En introduction nous disions que la philosophie c’était savoir s’étonner. L’homme du XXIème siècle peut il encore s’étonner alors que nous vivons à l’âge de la science ou nous croyons tout savoir, or c’est souvent auprès des grands hommes de science que nous retrouvons l’étonnement comme des enfants, il est encore possible de s’étonner. La philosophie c’est poser des questions et essayer d’y répondre. Une des questions est de se demander ce que nous pouvons savoir et ce que nous pouvons faire de ces savoirs dans notre existence. Philosopher c’est poser les vraies questions. Bien sur elle ne débouche pas toujours sur des savoirs concrets mais elle n’est pas inutile, elle ne peut pas mourir. La philosophie doit nous aider à vivre. Aujourd’hui avec la chute du communisme, la montée de certains fanatismes, la mondialisation des marchés, « l’internetisation » des connaissances une interrogation renaît et si la philosophie pouvait nous aider à vivre et si les valeurs de justice, de bien, de vrai était de nouveau essentiels. Faire de la philosophie c’est réfléchir à ce qu’est la vie et aux éléments qui la composent, c’est se demander comment vivre sans faire appel à d’autres croyances que la confiance et la raison, c’est essayer de se changer soi même.

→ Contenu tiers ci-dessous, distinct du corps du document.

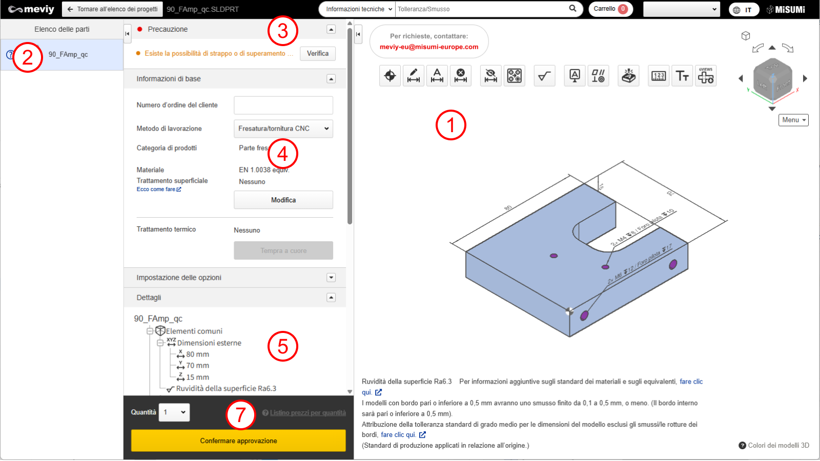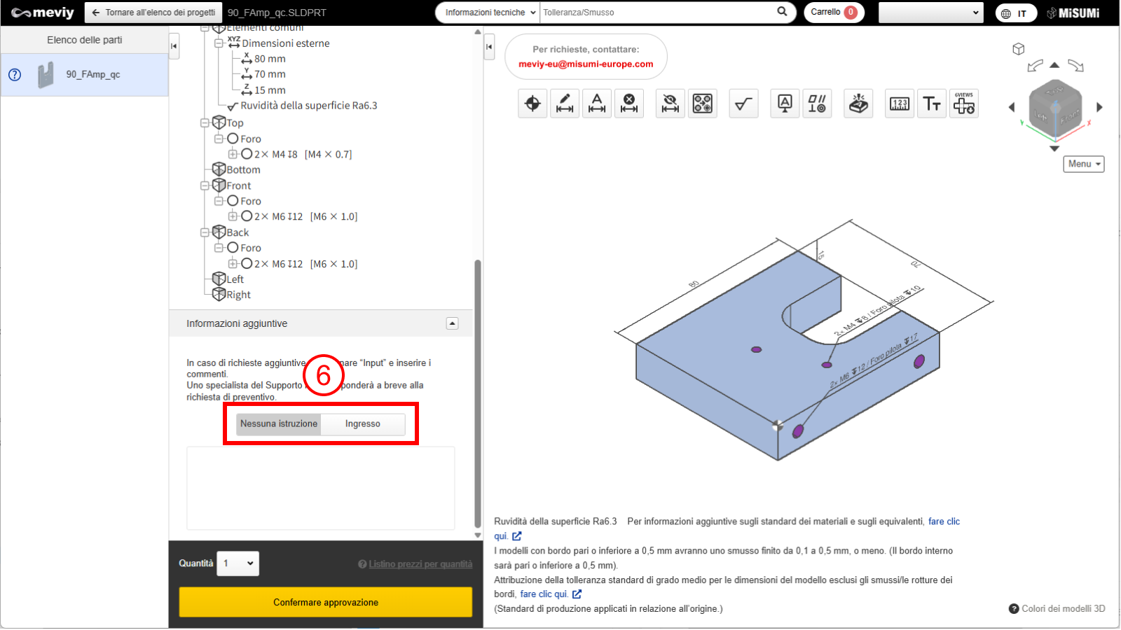 - È possibile specificare richieste o domande aggiuntive, come istruzioni di lavorazione aggiuntive che non possono essere configurate su meviy.

Bien sur il ne faut pas oublier la théorie, et faire de la philosophie c’est créer des concepts mais aussi faire l’histoire de la philosophie tout en se changeant soi même. Un philosophe n’est pas un individu qui aurait eu une illumination, c’est un esprit qui décide de transformer son existence par l’intelligence continuée et vécue de ce qu’il lui arrive. La philosophie apprend à se connaître. La philosophie c’est à la fois le mode de vie et la construction de discours et de concept. Le philosophe c’est un expérimentateur d’existence.